B. Literal specifications of tagging

About the feasibility, different distinct projects already done or continuously still doing data mining from tagging on OSM wiki, such as Taginfo and (at some point) the bot used by Data Items. This idea is to do the same, but on a strictly documented machine readable file format which could then be published.

The literal list term in the title is that, unless decided otherwise, the suggestion is do few to none manual intervention to "correct" what's intentionally that way (such as not use this package to correct conflicts definitions).

This package would be a great candidate to run with incremental schema changes over the years and great candidate for automation. The naming/code might be more neutral (e.g. not state that is a Wiki tagging dump)

C. Enhanced specifications of tagging

As additional complement to the B, any additional significant post-processing, in special adding, removing or, for sake of consistency, opt for one convention over others, would be different objective. The temporary name "enhanced" vs "literal" is mostly that these tags likely would have more metadata not available on the full list of documented tags, but at same time may be focused on primary features on Map features.

Compared to the B, this package may not be feasible for the first global release unless some consensus between the target audience is viable.

Note: packages that might be usable by both B and C on this proposal would be decoupled.

D. Literal specification of presets

See Preset.

There's at least one good candidate, the Name Suggestion Index. Already have a strong community of volunteers curating its content on https://github.com/osmlab/name-suggestion-index/ .

The existing data make candidate for automation to merge to global distribution. However it's name (on the distribution with other packages), schema and which data to export need planning.

E. Enhanced specification of presets

While the literal publication of presets have an immediate usefulness inside Editors, from a more ontological point of view, they are close to a concept (plus additional suggested fields to user add). This means that any enhanced version of presets could be usable outside the suggestion for users, but also close to how a schema is mapped inside OpenStreetMap and how it could be represented outside. Also note that even the B. Literal specifications of tagging would not fulfill this role, because we could still use as a permanent identifier something like "highway=service", but can get very complex when the idea actually uses 2 or more tags.

No direct equivalent exists today and this is not feasible for direct automation compared to D. Consider this proposal less feasible for first release of packages.

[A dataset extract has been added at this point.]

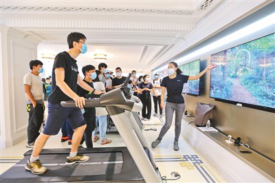 6月24日,華為上海南京東路旗艦店正式開業(yè)。該店一樓是產(chǎn)品體驗(yàn)區(qū),二樓為全場景體驗(yàn)區(qū),分為智能家居、移動辦公、運(yùn)動健康、智慧出行、影音娛樂等五大場景。該店還為消費(fèi)者提供全場景沉浸式互動體驗(yàn)。圖為市民在該店內(nèi)體驗(yàn)智能運(yùn)動產(chǎn)品。王 初攝(人民視覺)
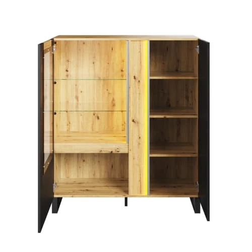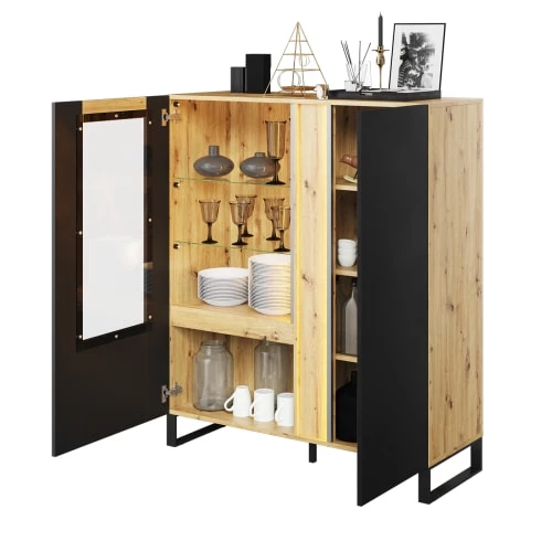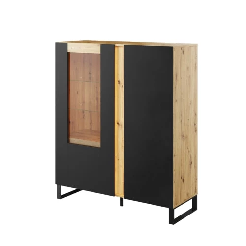 Vaisselier bas 2 portes avec LED August Bois et Noir Fabrication Européenne – Collection : August – Couleur: Noir mat – Bois façon chêne – Matériaux: Facade en panneaux MDF – Corps en panneaux de particules stratifiés – Composé de bois géré durablement – Pieds en métal – Caractéristiques: 1 porte vitrée – 6 étagères dont 4 en verre – LED directionnelle – Incluse – LED à brancher sur prise secteur avec un bouton allumer / éteindre – Poids et dimensions : 57 kg – 110 x 41 x 130 cm – Produit livré, à monter, avec notice incluse – Produit garanti 24 Mois

F. Structured tagging key patterns

Some tagging aren't exact key strings, but a pattern, often suffix ("en" of "name:en=*") or prefix (such as "source=*" in "source:name=*"). The target audience would want a full list, however creating every combination (or compiling the used ones) is unlikely to be a good efficient approach.

The source of data may not be viable only from data mining of OSM Wiki or may be too complex to relly only on generic data mining. The actually number of patterns migth be better alredy be handcrafted, but at least part could be backported to specifications on the OSM wiki.

G. Specification of geometry-related feature of OpenStreetMap data model

While there's some challenges very specific to parse data at OpenStreetMap scale (such as Coastline), very detailed precision) which are still related to geometry, it makes sense to be part of the distribution of packages and also how the typically geometry-related meaning of OpenStreetMap data.

The initials sublist of items likely be incomplete, however the focus here is how to interpret more complex geometries from at least the most common cases. Ideally, we should allow more software to understand data of OpenStreetMap data model directly, without downgrade to intermediary formats.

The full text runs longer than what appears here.